= DATA TO PROCESS =

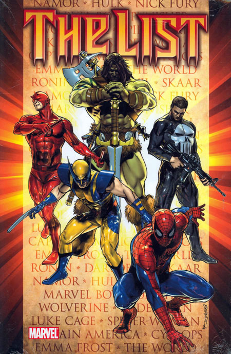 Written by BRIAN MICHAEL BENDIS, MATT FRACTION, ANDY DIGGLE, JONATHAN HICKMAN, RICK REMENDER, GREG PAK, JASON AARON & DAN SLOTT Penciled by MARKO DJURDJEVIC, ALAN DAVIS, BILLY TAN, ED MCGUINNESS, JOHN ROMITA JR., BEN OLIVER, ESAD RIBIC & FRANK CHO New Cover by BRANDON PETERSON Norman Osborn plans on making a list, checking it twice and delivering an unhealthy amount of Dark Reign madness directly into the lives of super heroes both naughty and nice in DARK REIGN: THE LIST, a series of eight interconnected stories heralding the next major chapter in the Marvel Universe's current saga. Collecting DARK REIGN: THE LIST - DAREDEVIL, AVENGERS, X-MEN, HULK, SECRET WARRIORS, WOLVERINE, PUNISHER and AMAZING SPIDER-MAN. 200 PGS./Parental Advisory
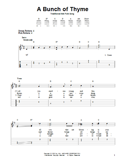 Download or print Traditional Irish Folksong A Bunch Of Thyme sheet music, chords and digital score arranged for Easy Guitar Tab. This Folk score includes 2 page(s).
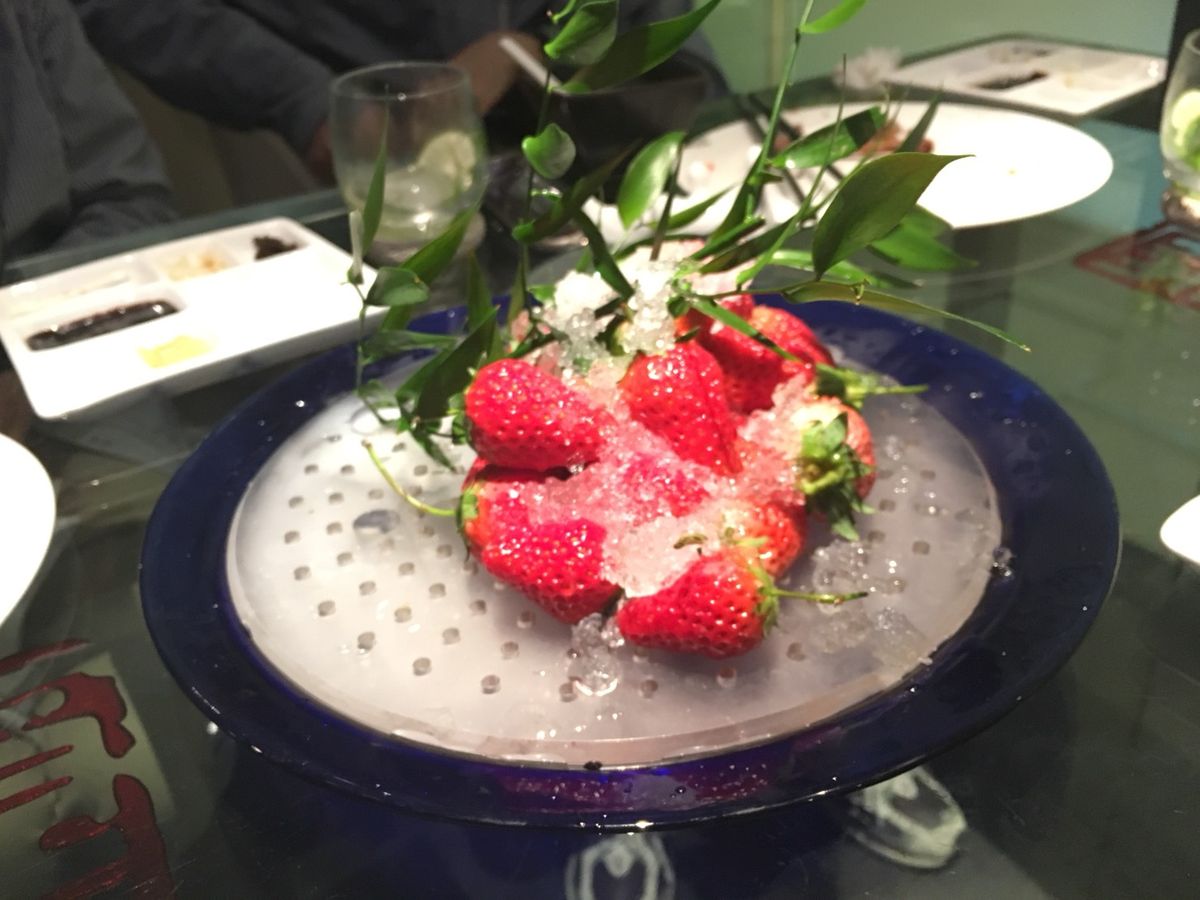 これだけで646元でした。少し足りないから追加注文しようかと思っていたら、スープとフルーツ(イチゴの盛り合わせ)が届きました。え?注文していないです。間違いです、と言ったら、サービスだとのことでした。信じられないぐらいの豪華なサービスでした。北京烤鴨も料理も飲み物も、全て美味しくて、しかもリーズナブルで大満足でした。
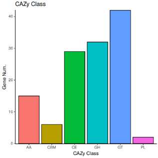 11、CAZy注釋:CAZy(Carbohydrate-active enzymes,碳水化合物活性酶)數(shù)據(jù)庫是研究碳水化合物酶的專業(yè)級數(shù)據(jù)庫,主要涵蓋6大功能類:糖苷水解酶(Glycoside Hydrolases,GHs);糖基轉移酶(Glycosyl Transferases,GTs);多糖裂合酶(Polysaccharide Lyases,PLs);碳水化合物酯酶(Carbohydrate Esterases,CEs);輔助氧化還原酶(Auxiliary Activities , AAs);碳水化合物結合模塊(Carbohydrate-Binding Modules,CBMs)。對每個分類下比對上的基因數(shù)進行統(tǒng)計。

* * *

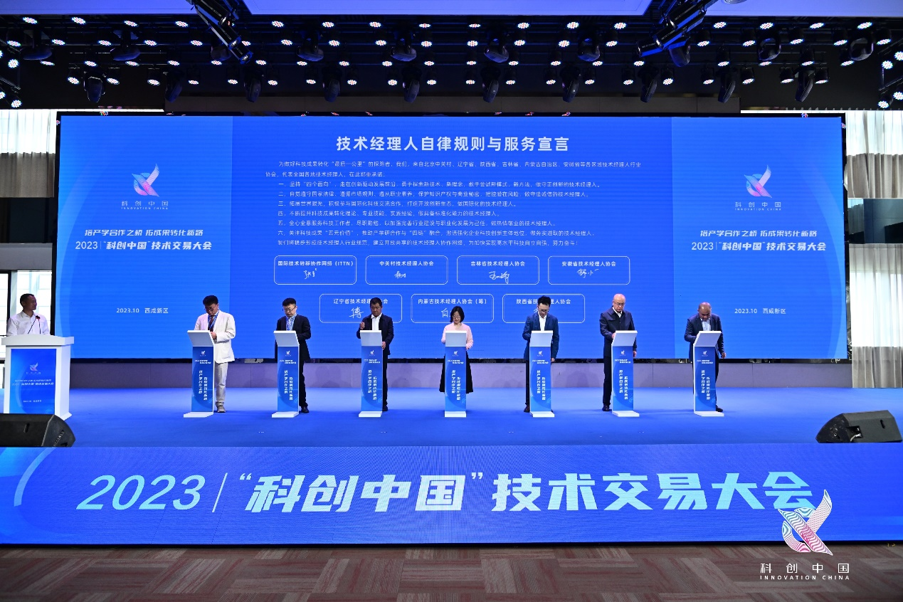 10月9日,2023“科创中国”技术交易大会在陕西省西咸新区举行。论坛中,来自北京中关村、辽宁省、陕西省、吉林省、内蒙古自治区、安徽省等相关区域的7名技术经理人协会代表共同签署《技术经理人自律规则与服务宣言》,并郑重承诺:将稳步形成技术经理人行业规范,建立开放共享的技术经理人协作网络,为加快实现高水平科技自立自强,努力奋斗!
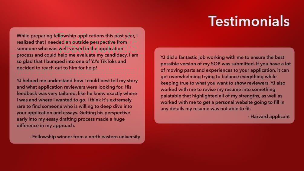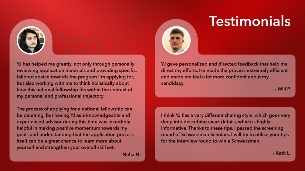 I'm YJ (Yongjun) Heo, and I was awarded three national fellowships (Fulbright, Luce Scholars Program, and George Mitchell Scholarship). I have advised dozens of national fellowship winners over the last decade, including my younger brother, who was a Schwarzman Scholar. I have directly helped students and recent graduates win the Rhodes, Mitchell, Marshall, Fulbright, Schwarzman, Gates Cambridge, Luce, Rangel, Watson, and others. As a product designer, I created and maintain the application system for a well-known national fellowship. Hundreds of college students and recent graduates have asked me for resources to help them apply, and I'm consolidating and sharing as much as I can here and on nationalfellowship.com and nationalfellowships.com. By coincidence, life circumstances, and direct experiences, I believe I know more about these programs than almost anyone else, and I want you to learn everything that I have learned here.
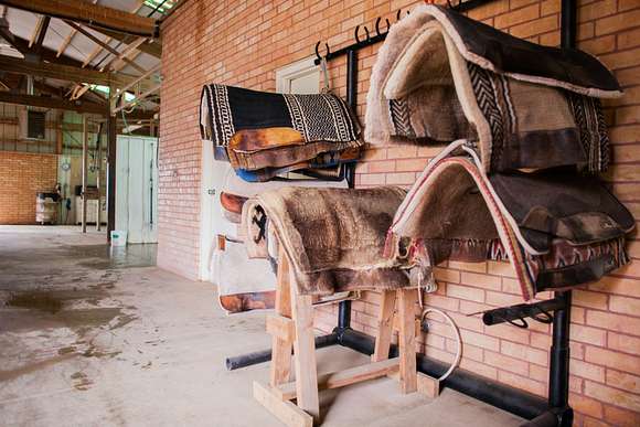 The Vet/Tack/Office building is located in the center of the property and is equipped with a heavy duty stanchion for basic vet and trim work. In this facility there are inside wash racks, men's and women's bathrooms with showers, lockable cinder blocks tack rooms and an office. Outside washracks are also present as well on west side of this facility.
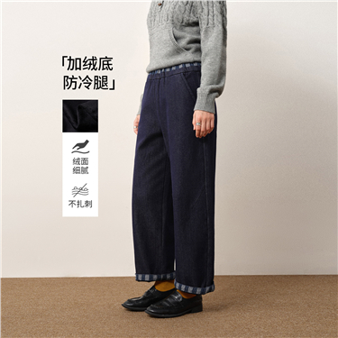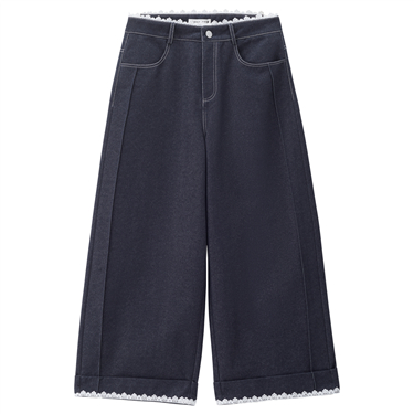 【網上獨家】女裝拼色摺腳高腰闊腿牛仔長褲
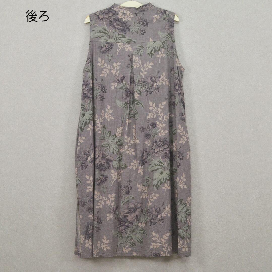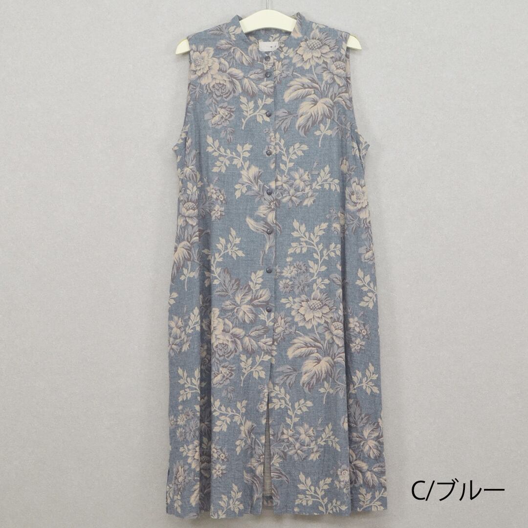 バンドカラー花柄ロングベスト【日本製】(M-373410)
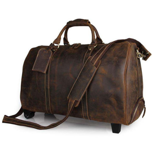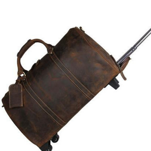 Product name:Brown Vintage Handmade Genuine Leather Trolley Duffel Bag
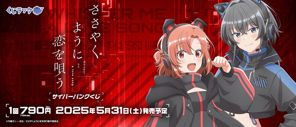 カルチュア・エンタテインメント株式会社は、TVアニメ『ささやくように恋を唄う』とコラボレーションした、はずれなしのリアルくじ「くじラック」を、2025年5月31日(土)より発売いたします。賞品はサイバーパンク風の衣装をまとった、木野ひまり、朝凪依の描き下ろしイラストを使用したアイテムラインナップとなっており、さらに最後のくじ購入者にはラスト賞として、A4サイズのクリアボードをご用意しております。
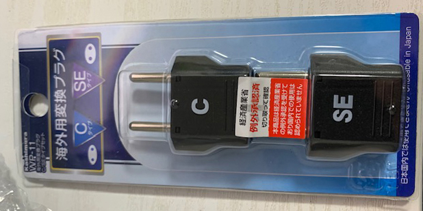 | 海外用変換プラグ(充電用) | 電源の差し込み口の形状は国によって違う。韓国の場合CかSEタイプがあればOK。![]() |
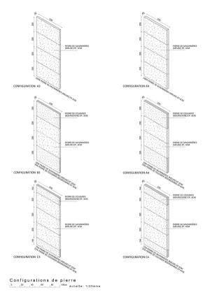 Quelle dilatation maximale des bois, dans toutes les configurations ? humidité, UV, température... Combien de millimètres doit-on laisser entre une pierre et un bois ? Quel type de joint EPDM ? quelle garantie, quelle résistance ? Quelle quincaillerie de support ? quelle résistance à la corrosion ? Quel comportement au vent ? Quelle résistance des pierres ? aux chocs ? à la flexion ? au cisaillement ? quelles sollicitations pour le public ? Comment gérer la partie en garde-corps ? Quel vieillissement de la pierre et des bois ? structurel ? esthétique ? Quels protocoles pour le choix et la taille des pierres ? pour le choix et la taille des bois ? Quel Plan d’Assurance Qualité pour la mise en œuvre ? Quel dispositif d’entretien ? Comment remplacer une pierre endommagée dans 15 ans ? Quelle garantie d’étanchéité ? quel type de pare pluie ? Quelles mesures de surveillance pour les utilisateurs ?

* * *

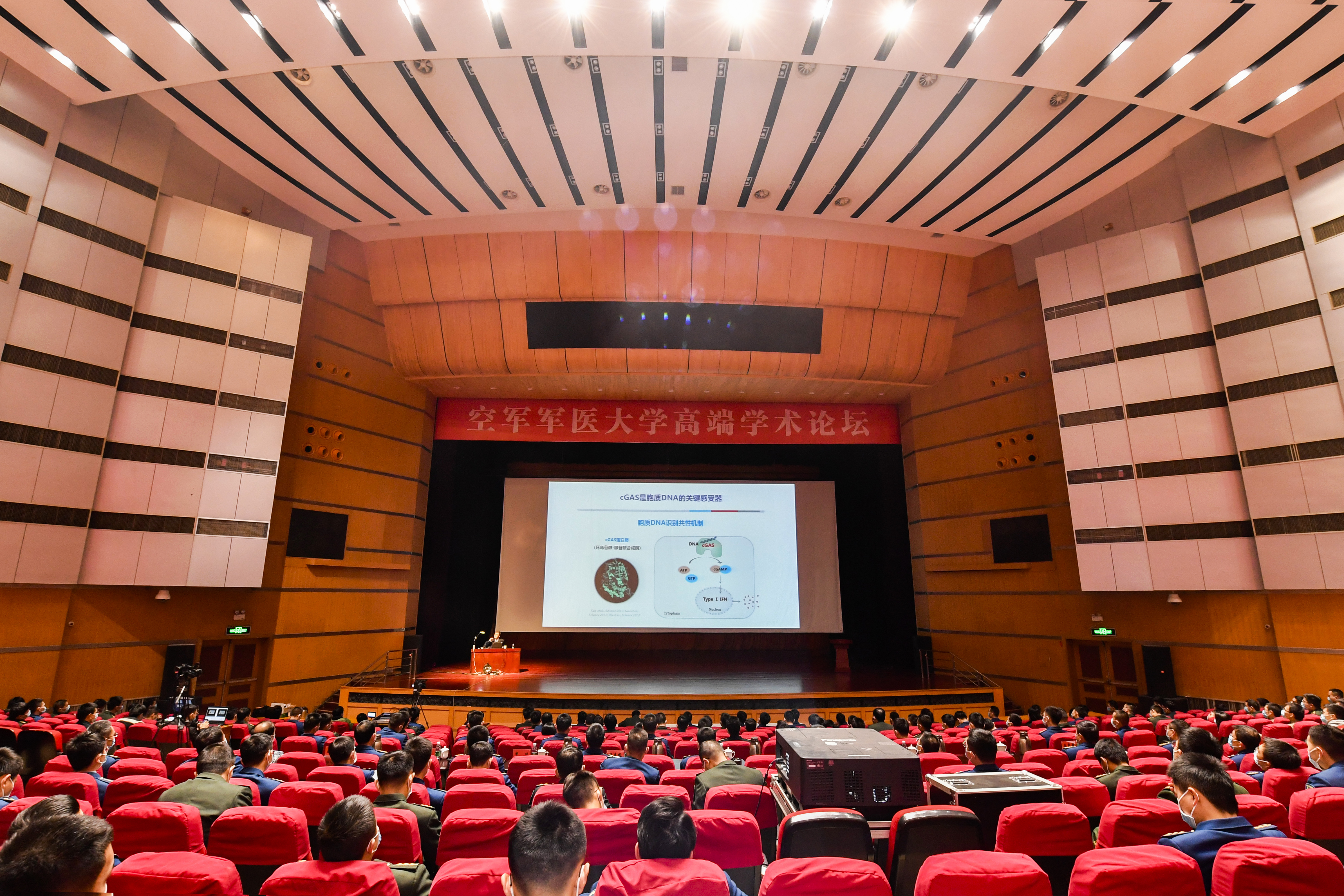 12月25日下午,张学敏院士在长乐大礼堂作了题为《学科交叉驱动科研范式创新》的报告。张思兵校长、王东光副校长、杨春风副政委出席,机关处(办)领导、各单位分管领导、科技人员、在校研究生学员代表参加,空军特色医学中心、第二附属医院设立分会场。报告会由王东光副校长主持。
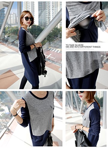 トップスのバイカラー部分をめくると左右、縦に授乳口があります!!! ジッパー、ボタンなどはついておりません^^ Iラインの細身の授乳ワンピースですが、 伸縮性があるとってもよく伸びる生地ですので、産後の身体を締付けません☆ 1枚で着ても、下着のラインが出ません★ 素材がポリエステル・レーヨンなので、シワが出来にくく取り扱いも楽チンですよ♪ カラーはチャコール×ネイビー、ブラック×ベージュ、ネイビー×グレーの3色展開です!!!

= WHAT YOU SHOULD DO =
Starting at the line above that contains "Written by BRIAN", transcribe every line exactly through the line that contains "Download or print", including that last one, and skip the pictures.

= COMPLETED EXERCISE =
 Written by BRIAN MICHAEL BENDIS, MATT FRACTION, ANDY DIGGLE, JONATHAN HICKMAN, RICK REMENDER, GREG PAK, JASON AARON & DAN SLOTT Penciled by MARKO DJURDJEVIC, ALAN DAVIS, BILLY TAN, ED MCGUINNESS, JOHN ROMITA JR., BEN OLIVER, ESAD RIBIC & FRANK CHO New Cover by BRANDON PETERSON Norman Osborn plans on making a list, checking it twice and delivering an unhealthy amount of Dark Reign madness directly into the lives of super heroes both naughty and nice in DARK REIGN: THE LIST, a series of eight interconnected stories heralding the next major chapter in the Marvel Universe's current saga. Collecting DARK REIGN: THE LIST - DAREDEVIL, AVENGERS, X-MEN, HULK, SECRET WARRIORS, WOLVERINE, PUNISHER and AMAZING SPIDER-MAN. 200 PGS./Parental Advisory
 Download or print Traditional Irish Folksong A Bunch Of Thyme sheet music, chords and digital score arranged for Easy Guitar Tab. This Folk score includes 2 page(s).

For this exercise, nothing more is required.